S. Paoli -. Y aura-t-il une trêve partisane s'agissant de la Constitution européenne ? Et cette trêve serait-elle aux yeux du Président de la République, la condition du référendum ? Le chef de l'Etat a reçu hier donc après tous les autres chefs de parti, A . Juppé, président de l'UMP, qui était hier matin l'invité de Question directe. Il estimait sur notre antenne que le mieux serait de donner la parole aux Français, et c'est F. Hollande, premier secrétaire du Parti socialiste, député-maire de Tulle en Corrèze, qui est ce matin l'invité de Question directe. "Trêve partisane", c'est une formule qui vous dit quelque chose ou pas ?"
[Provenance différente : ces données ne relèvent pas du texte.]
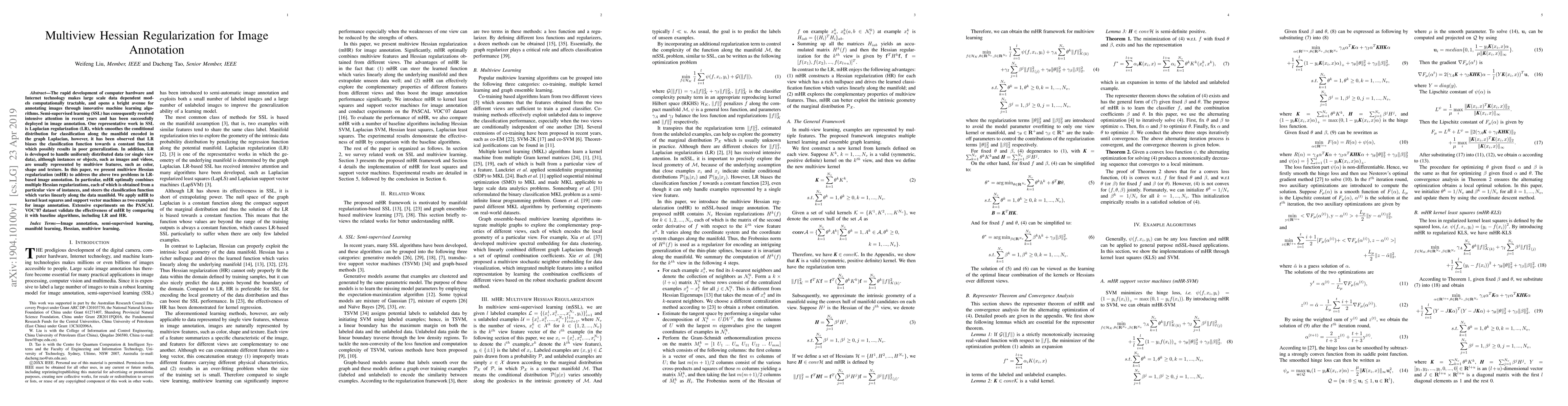 This paper proposes multiview Hessian regularization (mHR) to improve semi-supervised learning for image annotation, addressing the limitations of Laplacian regularization (LR) by combining multiple Hessian regularizations from different data views. Experiments on the PASCAL VOC'07 dataset demonstrate mHR's superior performance over traditional LR and single view HR methods.

- "Nous n'en sommes pas là, nous ne sommes pas dans un domaine où il faudrait que la politique n'ait pas sa place. Au contraire, je pense que sur la question européenne, il faut que la politique, au sens le plus noble du terme, prenne toute sa place, parce qu'il s'agit de l'avenir du continent européen et à travers lui, de l'avenir de la France. Donc j'avais souhaité que le Président de la République fasse des consultations à l'issue du travail, de ce qu'on a appelé la Convention, qui avait préparé ce projet de Constitution. Il vient d'ouvrir ces consultations à mon avis un peu tard, mais qu'importe, et je lui ai demandé de les poursuivre, parce qu'il va y avoir une négociation difficile sans doute avec des demandes venant de tous nos partenaires. La France doit être partie prenante, elle doit avancer ses propres positions et j'ai donc demandé que les consultations puissent se prolonger tout au long de cette période de négociations, ce qui d'ailleurs a été, semble-t-il, accepté par le Président de la République. Alors nous en sommes à un moment où il faut parler de l'Europe auprès non seulement de nos partenaires, non seulement auprès des partis politiques, mais aussi auprès des citoyens, puisque c'est de leur avenir qu'il est question."
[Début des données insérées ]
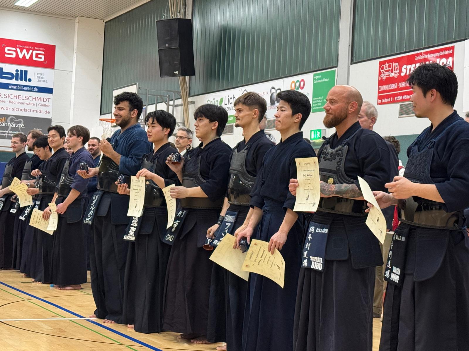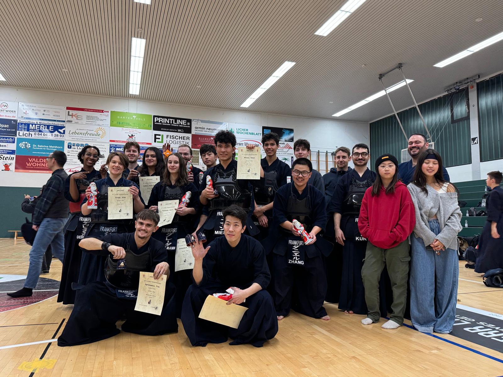 Für Hiro war im Dan-Turnier aber noch nicht Schluss, holte er sich mit unserem Vereinskameraden Finn Spilarewicz sowie befreundeteten Kendoka aus Ken Iku und Sprendlingen im brisanten Team-Turnier den wohlverdienten ersten Platz! Tolle Leistung Männer!

Prenons les choses dans l'ordre. D'abord, le chef de l'Etat est-il à ce point insondable qu'il vous soit impossible aux uns et aux autres d'avoir une idée sur ce qu'il a envie de faire ou pas, référendum ou pas ?
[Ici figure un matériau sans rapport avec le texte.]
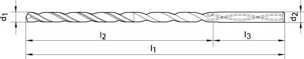 Hloubkový vrták, 25 x D Postup RT 100 T: • Iniciální frézování plochy v pravém úhlu k vstupnímu úhlu obrábění vrtáním. • Vrtání cylindrického pilotního otvoru (tolerance F9) do hloubky alespoň 1 x D. • Závrt v pilotním otvoru s cca. 300 ot./min. při f = 500 mm/min. • Nastavení tlaku chladiva a počtu otáček. • Průběžné vrtání do úplné hloubky vrtaného otvoru bez cyklu uvolnění. • U průchozích otvorů se šikmým průnikem vrtáku na druhé straně je nutné snížit záběrovou rychlost o vf cca. 1 mm před průnikem na 40 %. • Po dosažení stanovené hloubky vývrtu snižte počet otáček na nulu a vypněte přísun chladiva, vrták vysuňte ve spěšném chodu. • Běžné chlazení mazivem pod tlakem alespoň 40 bar. Upozornění: Vrtáky lze několikrát po sobě dobrušovat. Všechny hloubkové vrtáky je nutné při návrtu zavést. Hloubkové vrtáky se nesmí ve strojním prostoru nikdy pohybovat volně s maximálním počtem otáček. Provedení: Pravořezné. Speciální tvar drážek s dvojitým zkosením hran a speciálním podbrusem. Se zkrutovým vnitřním chlazením přes lamely. Boční úhel čela 30°, silnější tloušťka jádra a žádné stoupání šroubovice. Vrták vykazuje velmi dobré samočinně středicí chování. Použití: na vrtání otvorů s velmi přísnou tolerancí Ø a velmi dobrou kvalitou povrchu. Vhodný k vrtání extrémně hlubokých otvorů do 25 x D, s vysokými řeznými rychlostmi. Mimořádně vhodný k obrábění materiálů, vytvářející krátké třísky, např. litiny železa, šedé litiny, zušlechtěné šedé litiny, temperované litiny, tvárné litiny a slitin hliníku s vysokým obsahem křemíku.

- "Moi, je ne suis pas là pour essayer de comprendre ce que veut ou ce que ne veut pas le Président de la République."
L'enjeu est pourtant très important...
- "Je ne suis pas là pour obtenir des confidences ou pour les livrer. Responsable de l'opposition, si je disais ce qu'allait faire le Président de la République, ou je ne serais plus dans mon rôle, ou vous ne me croiriez plus. Donc moi, j'ai compris qu'il n'était pas aujourd'hui prêt à donner sa décision - référendum ou congrès, c'est-à-dire voie parlementaire. Je lui ai dit ce qu'était la position du Parti socialiste : nous, nous sommes favorables à une consultation populaire et qui pourrait d'ailleurs se faire à l'échelle de l'Europe. L'idéal, si on est européen, si on veut que les citoyens prennent complètement la parole et prennent la décision, ce serait de faire le même jour un référendum à l'échelle de l'Europe sur cette Constitution. C'est vrai que beaucoup de nos partenaires n'ont pas la voie du référendum comme pratique et beaucoup ne veulent pas forcément le faire au même moment. C'est un tort, mais en tout cas, j'ai compris que le Président de la République, lui, autant il souhaitait peut-être que cela se passe dans un délai rapproché pour les pays qui devaient ratifier, autant sur le référendum, il n'a pas paru décidé. Mais ce qui compte pour nous, c'est maintenant de faire progresser le texte, parce que tout le monde parle de la ratification, mais sur un texte que, finalement, personne ne sait aujourd'hui ce qu'il va être à l'issue de cette longue phase de discussions, ce qu'on appelle la conférence intergouvernementale. Et le rôle d'un parti comme le mien, le Parti socialiste, ce n'est pas de dire : voilà le texte de la Convention, il ne faut surtout pas y toucher, parce que sinon, tout se détricoterait. C'est d'essayer de dire ce qui peut être amélioré dans ce texte, et si la France peut même parler d'une seule voix. J'en reviens à la question éventuelle de la trêve partisane. Est-ce qu'on ne peut pas dire, nous tous, en France : nous voulons que le texte de la Convention progresse, par exemple sur la question de la coordination des politiques économiques, sur l'emploi. C'est quand même bien le sujet. Aujourd'hui, est-ce que l'on veut que l'Europe stimule l'emploi ou pas ?"
On va y venir !
- "Deuxième sujet : est-ce qu'on veut que l'Europe soit protectrice des droits sociaux ? C'est quand même un élément où on devrait avoir des progrès par rapport au texte de la Convention européenne. Il y a la question des services publics qui préoccupent beaucoup, il faut qu'on ait des garanties. Il y a la question de la laïcité, il faut qu'on ait des vigilances. Donc ce que demande maintenant au Président de la République, après ses consultations, c'est de dire ce que va être la position de la France dans la négociation, de manière à ce que le texte puisse lui-même connaître des progrès."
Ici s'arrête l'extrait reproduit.